» **Exercise**: Below are the records; extract from them the line containing "こうした症状が続くとき、それは「前立腺炎」の可能性があります。" to the line containing "上诉人:_________________姓名_____", both lines included, exactly and with no pictures.

Source records:
__________

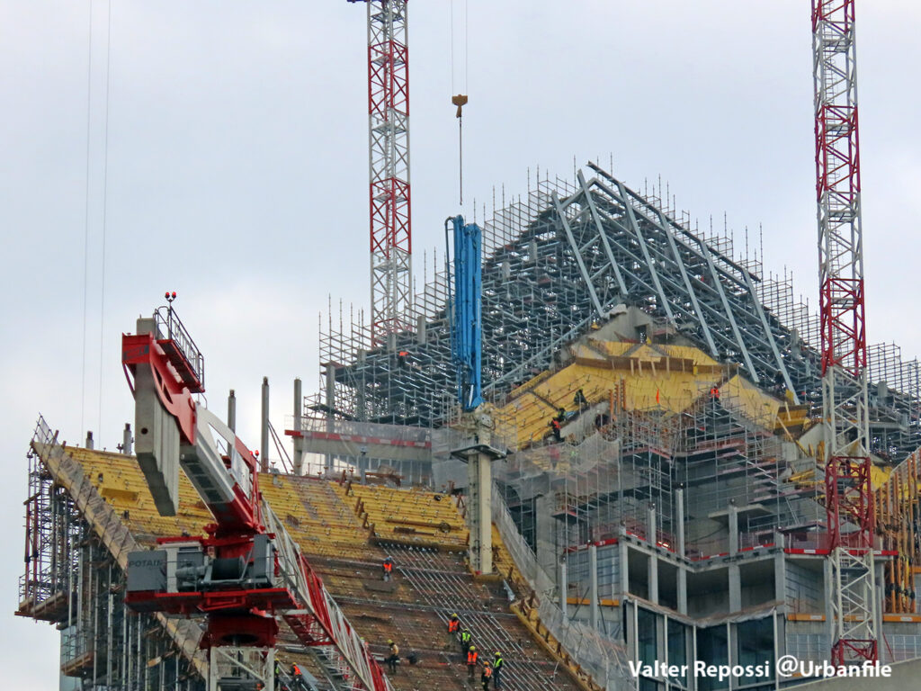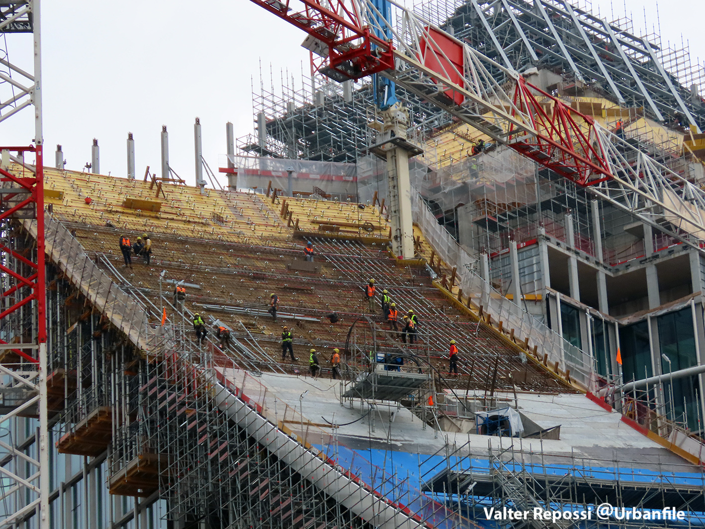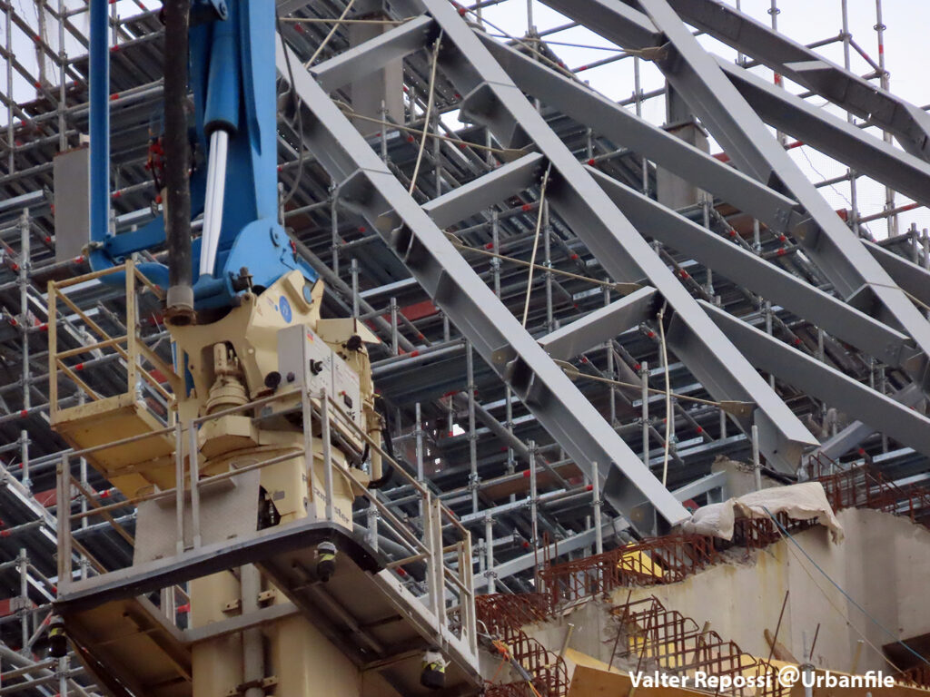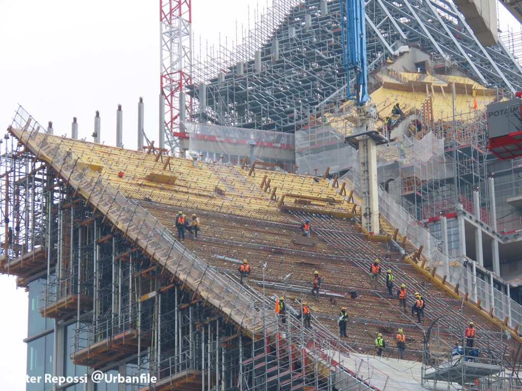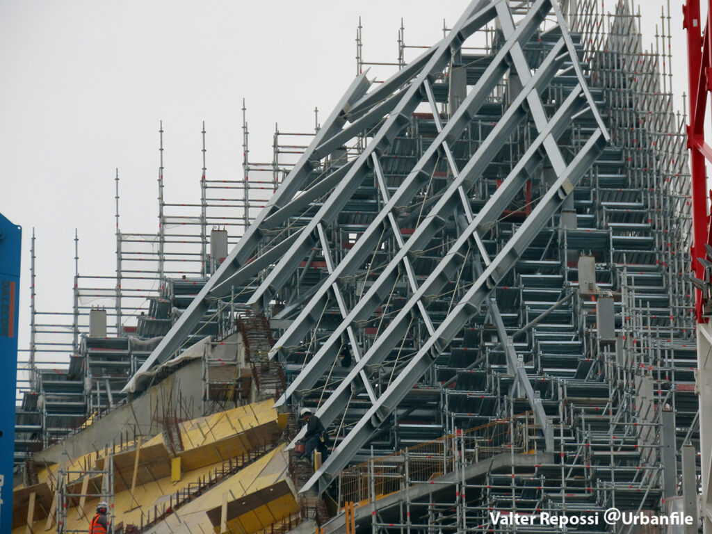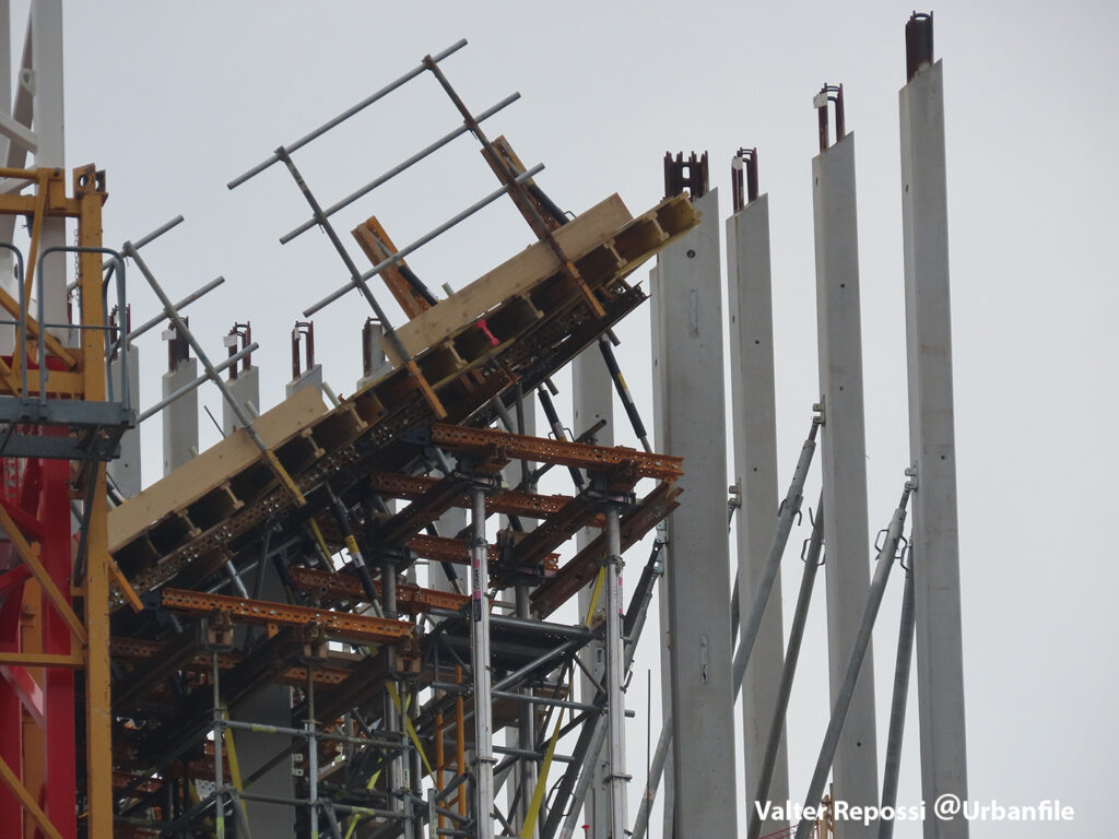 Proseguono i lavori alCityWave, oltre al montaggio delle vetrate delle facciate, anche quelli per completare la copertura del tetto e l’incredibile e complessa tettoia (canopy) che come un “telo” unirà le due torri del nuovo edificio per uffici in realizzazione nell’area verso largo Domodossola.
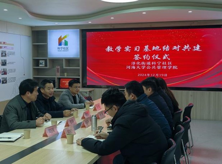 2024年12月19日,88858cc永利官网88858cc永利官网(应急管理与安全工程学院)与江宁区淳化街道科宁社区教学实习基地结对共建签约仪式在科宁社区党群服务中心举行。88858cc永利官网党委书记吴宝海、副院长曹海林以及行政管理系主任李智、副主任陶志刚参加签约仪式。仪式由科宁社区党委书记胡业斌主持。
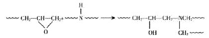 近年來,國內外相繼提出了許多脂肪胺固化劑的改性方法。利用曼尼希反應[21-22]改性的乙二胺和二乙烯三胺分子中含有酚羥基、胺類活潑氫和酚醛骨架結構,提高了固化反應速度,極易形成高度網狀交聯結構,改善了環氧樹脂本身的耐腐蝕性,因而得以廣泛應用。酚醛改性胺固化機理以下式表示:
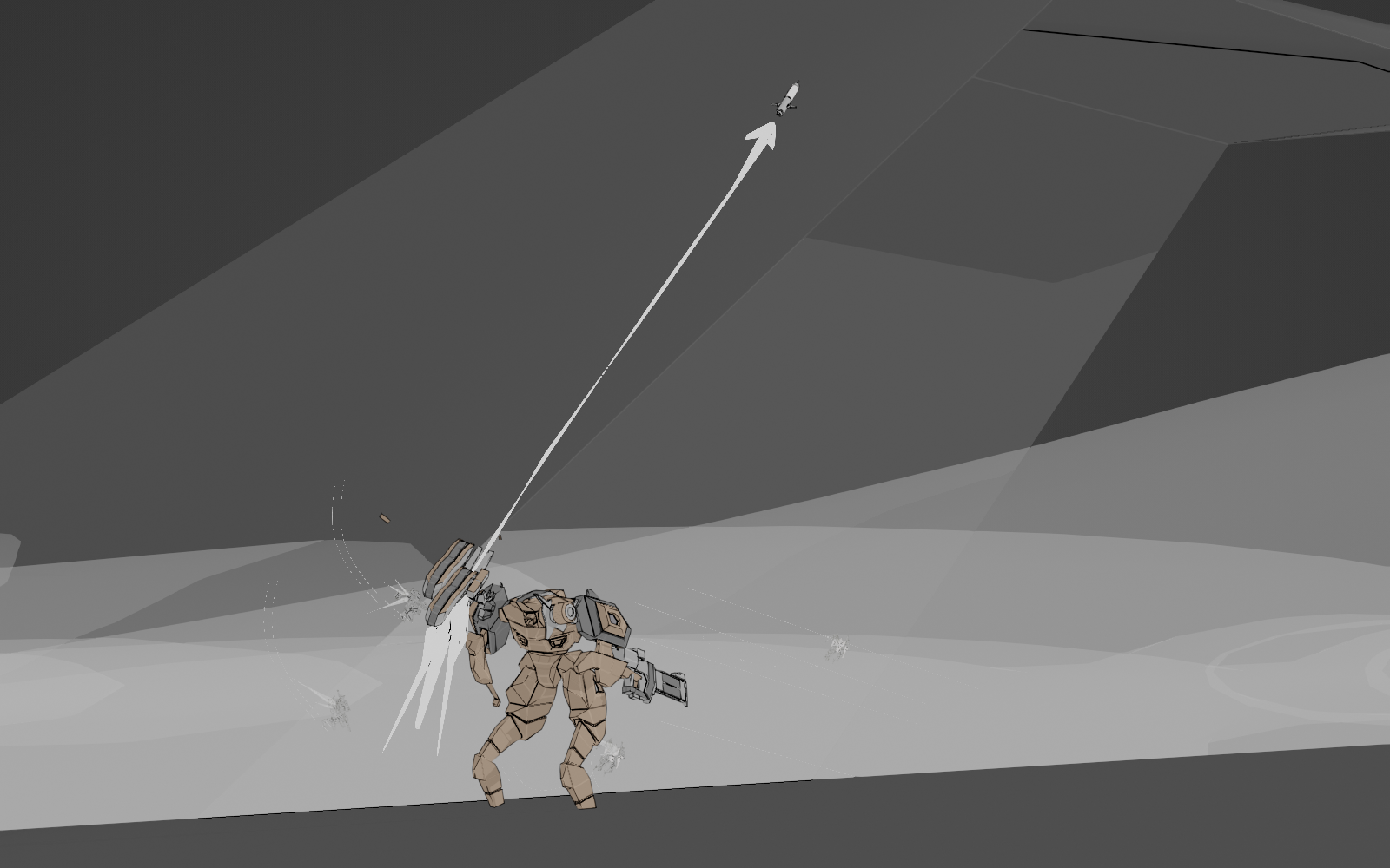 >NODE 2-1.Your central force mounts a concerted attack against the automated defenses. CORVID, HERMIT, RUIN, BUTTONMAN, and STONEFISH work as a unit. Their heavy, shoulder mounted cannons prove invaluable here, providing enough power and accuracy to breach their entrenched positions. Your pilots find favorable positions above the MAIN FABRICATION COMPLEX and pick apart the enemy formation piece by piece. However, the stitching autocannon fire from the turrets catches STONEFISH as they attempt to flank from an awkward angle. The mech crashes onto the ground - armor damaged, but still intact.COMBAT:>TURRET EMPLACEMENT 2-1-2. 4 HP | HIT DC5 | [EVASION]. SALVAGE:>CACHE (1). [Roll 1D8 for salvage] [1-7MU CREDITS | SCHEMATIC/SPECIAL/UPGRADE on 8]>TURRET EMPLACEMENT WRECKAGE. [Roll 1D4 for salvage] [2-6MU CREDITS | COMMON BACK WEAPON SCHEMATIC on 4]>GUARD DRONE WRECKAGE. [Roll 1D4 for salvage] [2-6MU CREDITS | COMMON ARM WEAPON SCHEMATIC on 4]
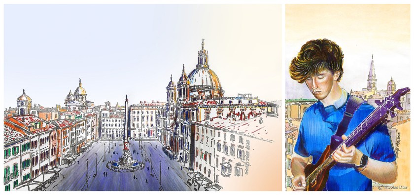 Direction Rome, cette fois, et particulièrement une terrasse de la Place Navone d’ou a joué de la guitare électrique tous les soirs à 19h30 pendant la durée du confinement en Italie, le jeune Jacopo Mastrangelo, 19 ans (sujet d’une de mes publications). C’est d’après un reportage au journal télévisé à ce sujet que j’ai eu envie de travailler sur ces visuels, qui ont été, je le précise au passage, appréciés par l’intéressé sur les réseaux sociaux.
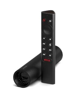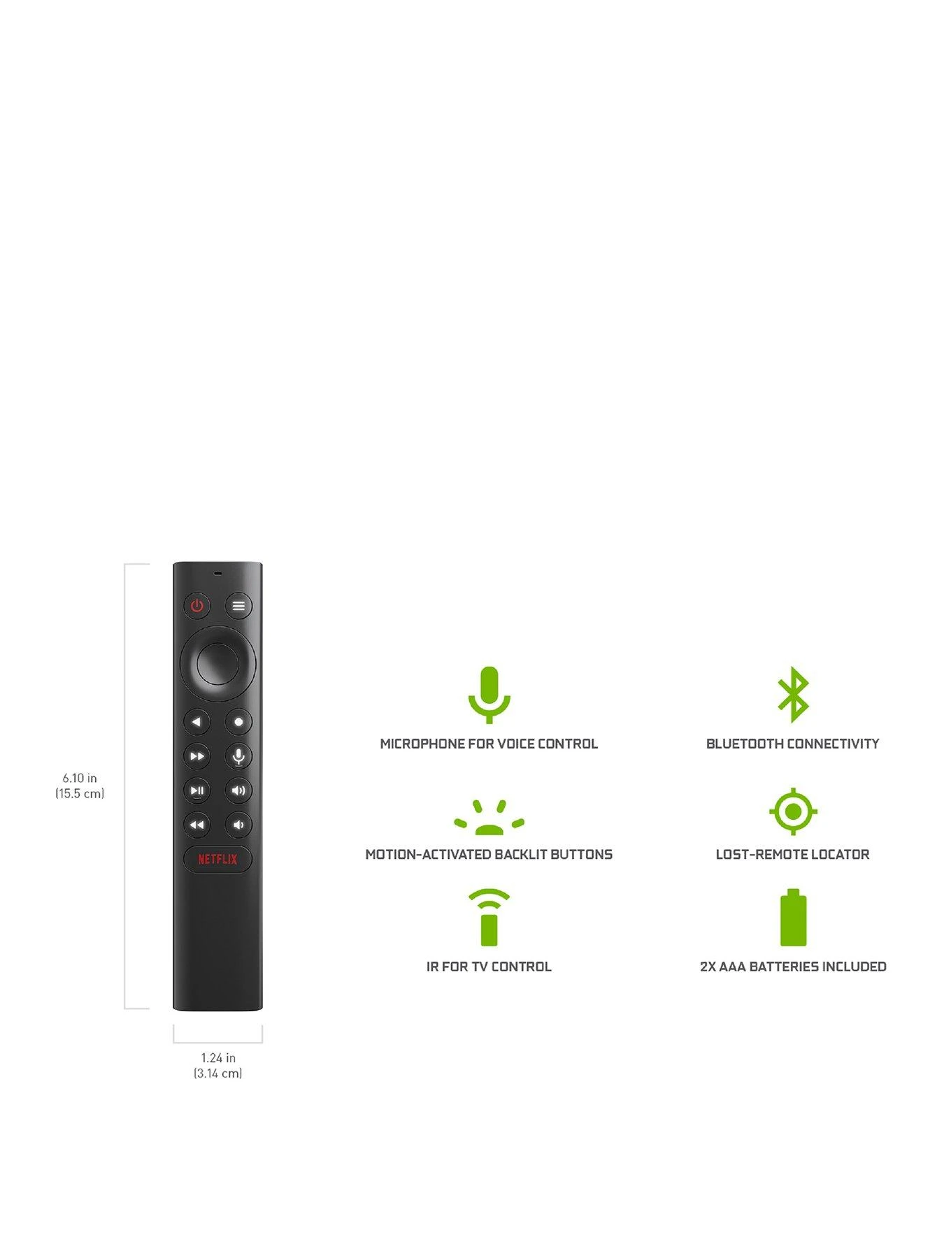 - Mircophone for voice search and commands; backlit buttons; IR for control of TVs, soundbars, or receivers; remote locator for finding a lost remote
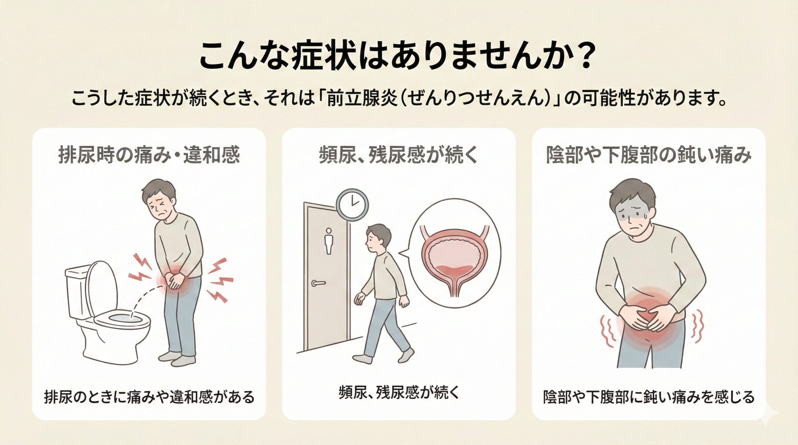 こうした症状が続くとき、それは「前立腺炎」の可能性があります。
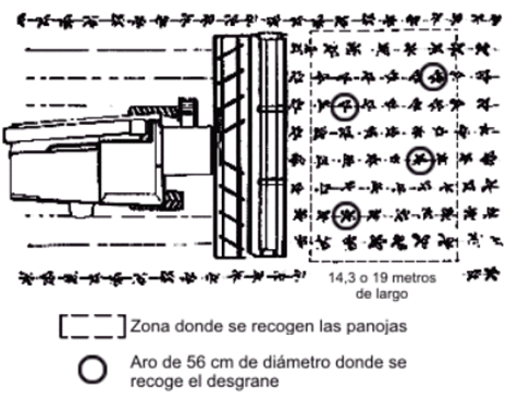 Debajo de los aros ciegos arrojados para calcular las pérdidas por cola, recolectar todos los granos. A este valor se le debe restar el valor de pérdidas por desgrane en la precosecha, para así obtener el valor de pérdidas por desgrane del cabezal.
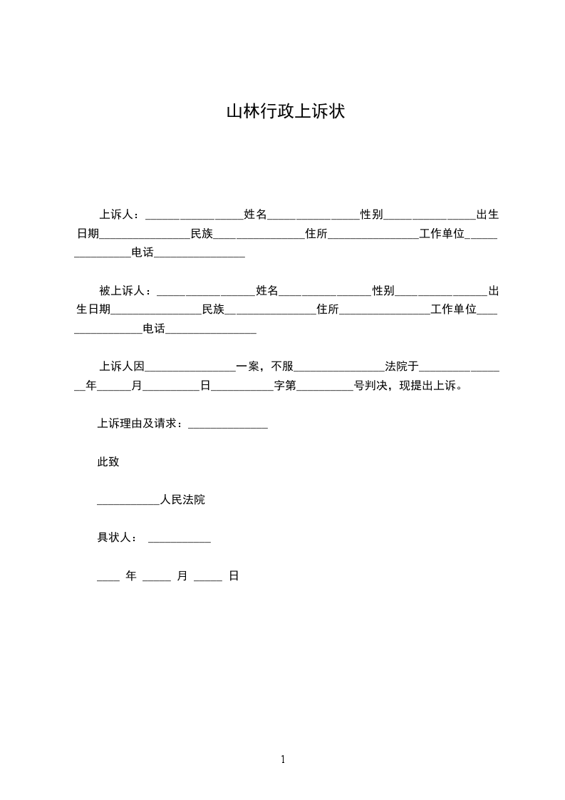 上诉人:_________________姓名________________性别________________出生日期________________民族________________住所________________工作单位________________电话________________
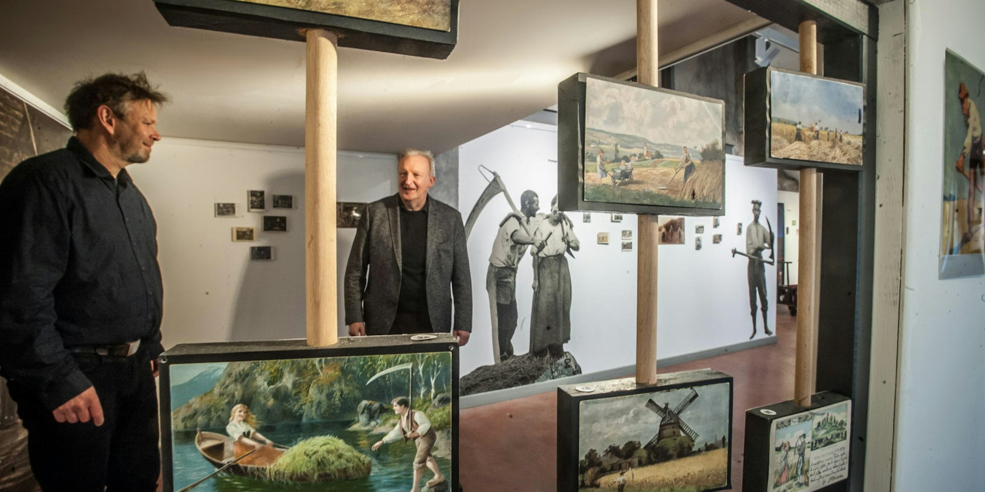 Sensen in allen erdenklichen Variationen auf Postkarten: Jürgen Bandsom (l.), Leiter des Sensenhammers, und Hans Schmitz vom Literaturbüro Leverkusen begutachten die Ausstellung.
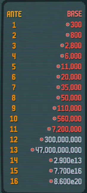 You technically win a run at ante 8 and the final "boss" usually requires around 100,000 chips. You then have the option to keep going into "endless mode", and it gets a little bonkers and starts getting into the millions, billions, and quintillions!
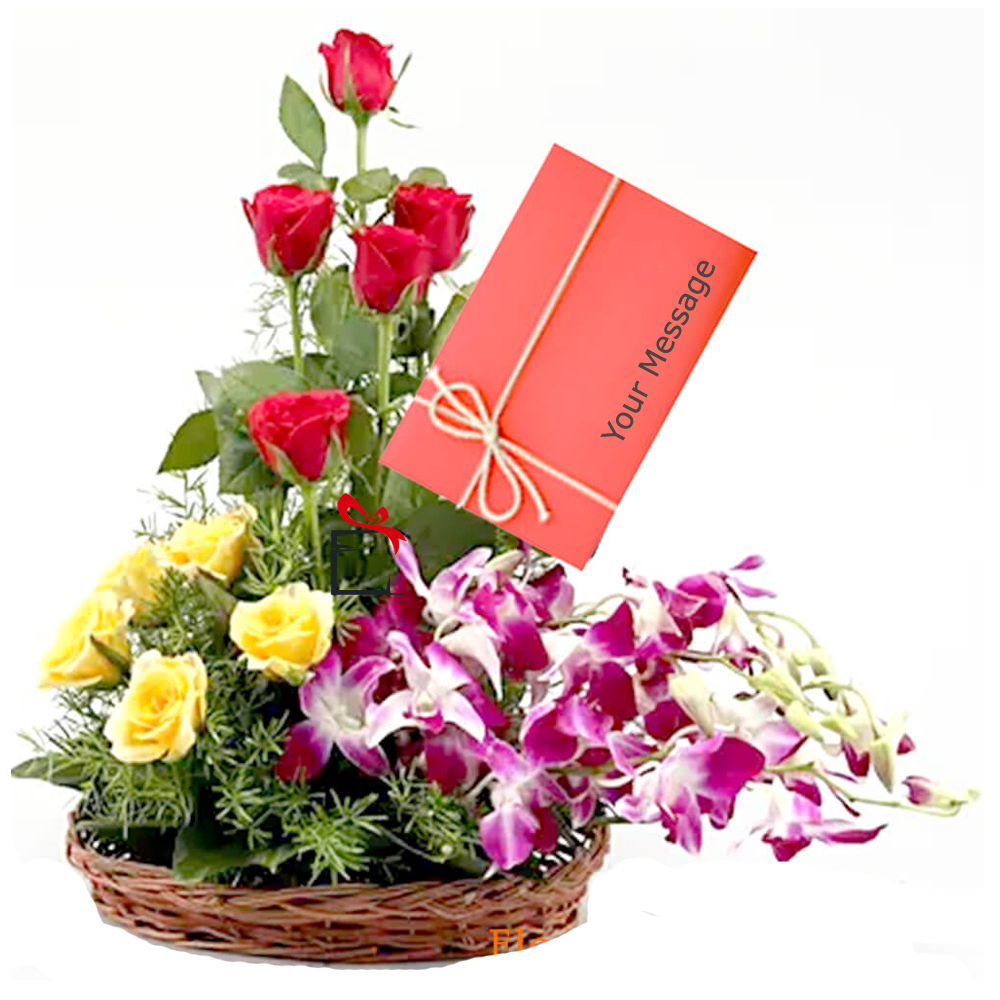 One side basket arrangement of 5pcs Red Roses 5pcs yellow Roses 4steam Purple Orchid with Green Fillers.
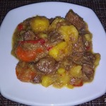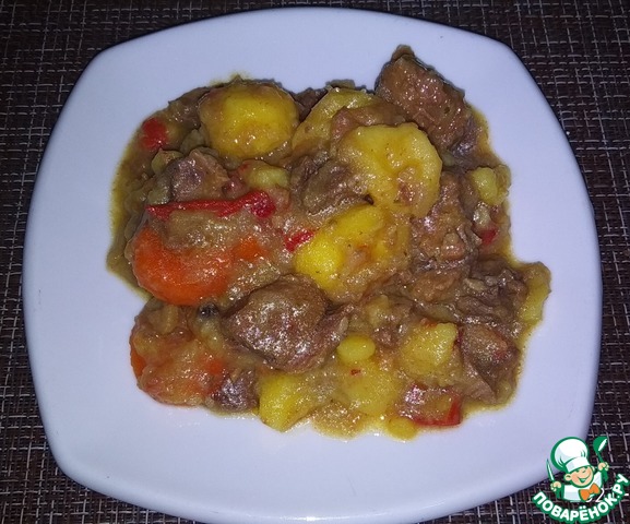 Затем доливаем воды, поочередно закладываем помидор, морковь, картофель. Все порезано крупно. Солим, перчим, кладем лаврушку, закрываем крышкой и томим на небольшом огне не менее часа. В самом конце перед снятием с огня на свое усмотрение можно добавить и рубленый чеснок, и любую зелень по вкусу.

__________

» **Solution to the exercise**:
 こうした症状が続くとき、それは「前立腺炎」の可能性があります。
 Debajo de los aros ciegos arrojados para calcular las pérdidas por cola, recolectar todos los granos. A este valor se le debe restar el valor de pérdidas por desgrane en la precosecha, para así obtener el valor de pérdidas por desgrane del cabezal.
 上诉人:_________________姓名________________性别________________出生日期________________民族________________住所________________工作单位________________电话________________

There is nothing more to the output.